==== SUPPLIED MATERIAL

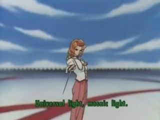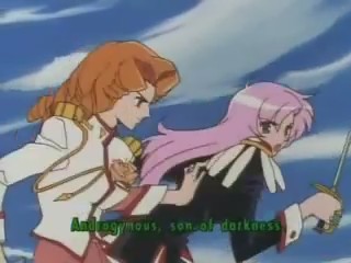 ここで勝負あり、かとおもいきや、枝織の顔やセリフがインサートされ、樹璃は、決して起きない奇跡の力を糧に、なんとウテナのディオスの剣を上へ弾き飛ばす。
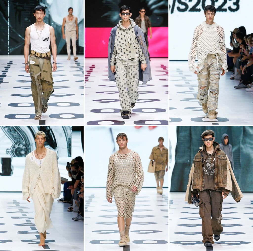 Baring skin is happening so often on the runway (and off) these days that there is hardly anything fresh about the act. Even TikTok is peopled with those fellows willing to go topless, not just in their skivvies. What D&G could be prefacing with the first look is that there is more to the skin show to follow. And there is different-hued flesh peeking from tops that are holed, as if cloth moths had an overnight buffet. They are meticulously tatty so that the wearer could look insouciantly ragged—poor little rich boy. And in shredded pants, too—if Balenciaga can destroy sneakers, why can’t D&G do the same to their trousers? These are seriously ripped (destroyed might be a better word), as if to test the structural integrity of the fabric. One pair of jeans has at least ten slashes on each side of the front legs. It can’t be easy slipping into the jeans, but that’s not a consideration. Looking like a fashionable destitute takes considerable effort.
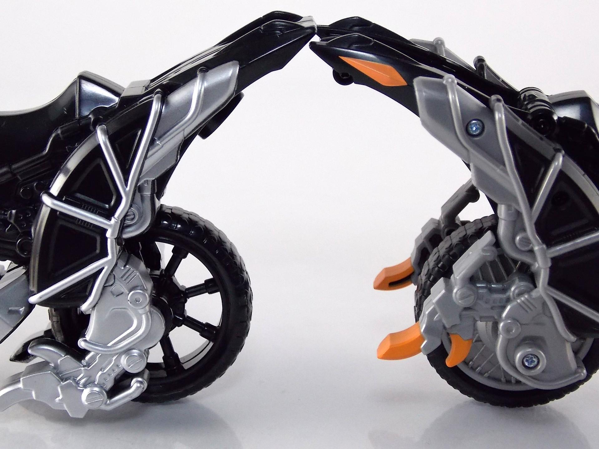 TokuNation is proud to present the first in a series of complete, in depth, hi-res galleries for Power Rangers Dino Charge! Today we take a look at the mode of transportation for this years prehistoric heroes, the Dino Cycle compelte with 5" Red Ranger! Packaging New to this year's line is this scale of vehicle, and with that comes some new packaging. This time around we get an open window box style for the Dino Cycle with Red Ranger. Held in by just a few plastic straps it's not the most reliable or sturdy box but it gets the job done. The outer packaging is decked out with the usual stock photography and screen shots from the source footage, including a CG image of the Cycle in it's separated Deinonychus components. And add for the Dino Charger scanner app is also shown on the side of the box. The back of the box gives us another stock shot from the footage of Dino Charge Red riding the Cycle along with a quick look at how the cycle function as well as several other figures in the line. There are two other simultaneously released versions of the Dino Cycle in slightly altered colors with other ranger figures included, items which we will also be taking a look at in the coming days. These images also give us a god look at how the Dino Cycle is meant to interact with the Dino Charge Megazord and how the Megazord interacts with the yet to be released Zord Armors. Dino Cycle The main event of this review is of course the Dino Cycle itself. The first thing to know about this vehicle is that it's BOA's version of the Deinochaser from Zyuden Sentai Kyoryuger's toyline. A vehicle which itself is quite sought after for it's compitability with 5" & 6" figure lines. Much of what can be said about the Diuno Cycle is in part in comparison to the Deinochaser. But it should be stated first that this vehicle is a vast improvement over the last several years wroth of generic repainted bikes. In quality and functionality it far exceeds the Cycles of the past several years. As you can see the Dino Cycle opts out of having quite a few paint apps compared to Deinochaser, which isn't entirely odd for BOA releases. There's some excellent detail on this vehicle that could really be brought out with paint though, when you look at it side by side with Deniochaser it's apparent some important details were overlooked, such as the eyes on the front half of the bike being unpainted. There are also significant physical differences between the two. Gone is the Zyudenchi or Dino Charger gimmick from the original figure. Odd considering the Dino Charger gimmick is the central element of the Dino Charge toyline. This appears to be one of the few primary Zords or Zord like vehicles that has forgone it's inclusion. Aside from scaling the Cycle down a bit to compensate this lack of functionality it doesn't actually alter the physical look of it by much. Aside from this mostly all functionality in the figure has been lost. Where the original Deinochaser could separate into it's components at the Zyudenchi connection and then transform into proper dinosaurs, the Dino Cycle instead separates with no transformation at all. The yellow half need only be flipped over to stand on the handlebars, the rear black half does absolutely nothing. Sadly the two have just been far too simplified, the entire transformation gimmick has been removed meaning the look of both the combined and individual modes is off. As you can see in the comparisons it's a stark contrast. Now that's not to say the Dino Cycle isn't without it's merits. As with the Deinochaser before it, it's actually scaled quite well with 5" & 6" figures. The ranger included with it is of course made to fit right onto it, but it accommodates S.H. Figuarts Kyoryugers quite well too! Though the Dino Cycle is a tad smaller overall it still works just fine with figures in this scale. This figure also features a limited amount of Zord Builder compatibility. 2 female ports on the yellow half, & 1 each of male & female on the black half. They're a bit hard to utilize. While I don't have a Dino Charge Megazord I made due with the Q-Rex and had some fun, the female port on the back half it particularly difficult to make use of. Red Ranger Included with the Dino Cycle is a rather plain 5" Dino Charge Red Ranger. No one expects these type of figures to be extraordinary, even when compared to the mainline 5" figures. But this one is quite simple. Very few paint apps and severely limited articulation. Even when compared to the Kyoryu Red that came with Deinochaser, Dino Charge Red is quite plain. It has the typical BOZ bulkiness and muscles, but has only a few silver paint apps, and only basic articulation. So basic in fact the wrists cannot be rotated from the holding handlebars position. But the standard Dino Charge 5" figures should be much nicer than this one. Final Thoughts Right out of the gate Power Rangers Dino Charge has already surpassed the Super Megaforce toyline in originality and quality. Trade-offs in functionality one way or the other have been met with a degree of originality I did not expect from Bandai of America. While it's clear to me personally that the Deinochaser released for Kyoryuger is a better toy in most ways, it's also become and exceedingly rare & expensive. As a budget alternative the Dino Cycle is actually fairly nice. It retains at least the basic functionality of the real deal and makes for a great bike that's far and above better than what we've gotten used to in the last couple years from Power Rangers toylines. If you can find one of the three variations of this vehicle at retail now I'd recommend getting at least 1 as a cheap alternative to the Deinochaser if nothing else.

========

TASK DIRECTIONS: Please set down the data above exactly as given, leaving every picture out.

TASK SOLUTION:
 ここで勝負あり、かとおもいきや、枝織の顔やセリフがインサートされ、樹璃は、決して起きない奇跡の力を糧に、なんとウテナのディオスの剣を上へ弾き飛ばす。
 Baring skin is happening so often on the runway (and off) these days that there is hardly anything fresh about the act. Even TikTok is peopled with those fellows willing to go topless, not just in their skivvies. What D&G could be prefacing with the first look is that there is more to the skin show to follow. And there is different-hued flesh peeking from tops that are holed, as if cloth moths had an overnight buffet. They are meticulously tatty so that the wearer could look insouciantly ragged—poor little rich boy. And in shredded pants, too—if Balenciaga can destroy sneakers, why can’t D&G do the same to their trousers? These are seriously ripped (destroyed might be a better word), as if to test the structural integrity of the fabric. One pair of jeans has at least ten slashes on each side of the front legs. It can’t be easy slipping into the jeans, but that’s not a consideration. Looking like a fashionable destitute takes considerable effort.
 TokuNation is proud to present the first in a series of complete, in depth, hi-res galleries for Power Rangers Dino Charge! Today we take a look at the mode of transportation for this years prehistoric heroes, the Dino Cycle compelte with 5" Red Ranger! Packaging New to this year's line is this scale of vehicle, and with that comes some new packaging. This time around we get an open window box style for the Dino Cycle with Red Ranger. Held in by just a few plastic straps it's not the most reliable or sturdy box but it gets the job done. The outer packaging is decked out with the usual stock photography and screen shots from the source footage, including a CG image of the Cycle in it's separated Deinonychus components. And add for the Dino Charger scanner app is also shown on the side of the box. The back of the box gives us another stock shot from the footage of Dino Charge Red riding the Cycle along with a quick look at how the cycle function as well as several other figures in the line. There are two other simultaneously released versions of the Dino Cycle in slightly altered colors with other ranger figures included, items which we will also be taking a look at in the coming days. These images also give us a god look at how the Dino Cycle is meant to interact with the Dino Charge Megazord and how the Megazord interacts with the yet to be released Zord Armors. Dino Cycle The main event of this review is of course the Dino Cycle itself. The first thing to know about this vehicle is that it's BOA's version of the Deinochaser from Zyuden Sentai Kyoryuger's toyline. A vehicle which itself is quite sought after for it's compitability with 5" & 6" figure lines. Much of what can be said about the Diuno Cycle is in part in comparison to the Deinochaser. But it should be stated first that this vehicle is a vast improvement over the last several years wroth of generic repainted bikes. In quality and functionality it far exceeds the Cycles of the past several years. As you can see the Dino Cycle opts out of having quite a few paint apps compared to Deinochaser, which isn't entirely odd for BOA releases. There's some excellent detail on this vehicle that could really be brought out with paint though, when you look at it side by side with Deniochaser it's apparent some important details were overlooked, such as the eyes on the front half of the bike being unpainted. There are also significant physical differences between the two. Gone is the Zyudenchi or Dino Charger gimmick from the original figure. Odd considering the Dino Charger gimmick is the central element of the Dino Charge toyline. This appears to be one of the few primary Zords or Zord like vehicles that has forgone it's inclusion. Aside from scaling the Cycle down a bit to compensate this lack of functionality it doesn't actually alter the physical look of it by much. Aside from this mostly all functionality in the figure has been lost. Where the original Deinochaser could separate into it's components at the Zyudenchi connection and then transform into proper dinosaurs, the Dino Cycle instead separates with no transformation at all. The yellow half need only be flipped over to stand on the handlebars, the rear black half does absolutely nothing. Sadly the two have just been far too simplified, the entire transformation gimmick has been removed meaning the look of both the combined and individual modes is off. As you can see in the comparisons it's a stark contrast. Now that's not to say the Dino Cycle isn't without it's merits. As with the Deinochaser before it, it's actually scaled quite well with 5" & 6" figures. The ranger included with it is of course made to fit right onto it, but it accommodates S.H. Figuarts Kyoryugers quite well too! Though the Dino Cycle is a tad smaller overall it still works just fine with figures in this scale. This figure also features a limited amount of Zord Builder compatibility. 2 female ports on the yellow half, & 1 each of male & female on the black half. They're a bit hard to utilize. While I don't have a Dino Charge Megazord I made due with the Q-Rex and had some fun, the female port on the back half it particularly difficult to make use of. Red Ranger Included with the Dino Cycle is a rather plain 5" Dino Charge Red Ranger. No one expects these type of figures to be extraordinary, even when compared to the mainline 5" figures. But this one is quite simple. Very few paint apps and severely limited articulation. Even when compared to the Kyoryu Red that came with Deinochaser, Dino Charge Red is quite plain. It has the typical BOZ bulkiness and muscles, but has only a few silver paint apps, and only basic articulation. So basic in fact the wrists cannot be rotated from the holding handlebars position. But the standard Dino Charge 5" figures should be much nicer than this one. Final Thoughts Right out of the gate Power Rangers Dino Charge has already surpassed the Super Megaforce toyline in originality and quality. Trade-offs in functionality one way or the other have been met with a degree of originality I did not expect from Bandai of America. While it's clear to me personally that the Deinochaser released for Kyoryuger is a better toy in most ways, it's also become and exceedingly rare & expensive. As a budget alternative the Dino Cycle is actually fairly nice. It retains at least the basic functionality of the real deal and makes for a great bike that's far and above better than what we've gotten used to in the last couple years from Power Rangers toylines. If you can find one of the three variations of this vehicle at retail now I'd recommend getting at least 1 as a cheap alternative to the Deinochaser if nothing else.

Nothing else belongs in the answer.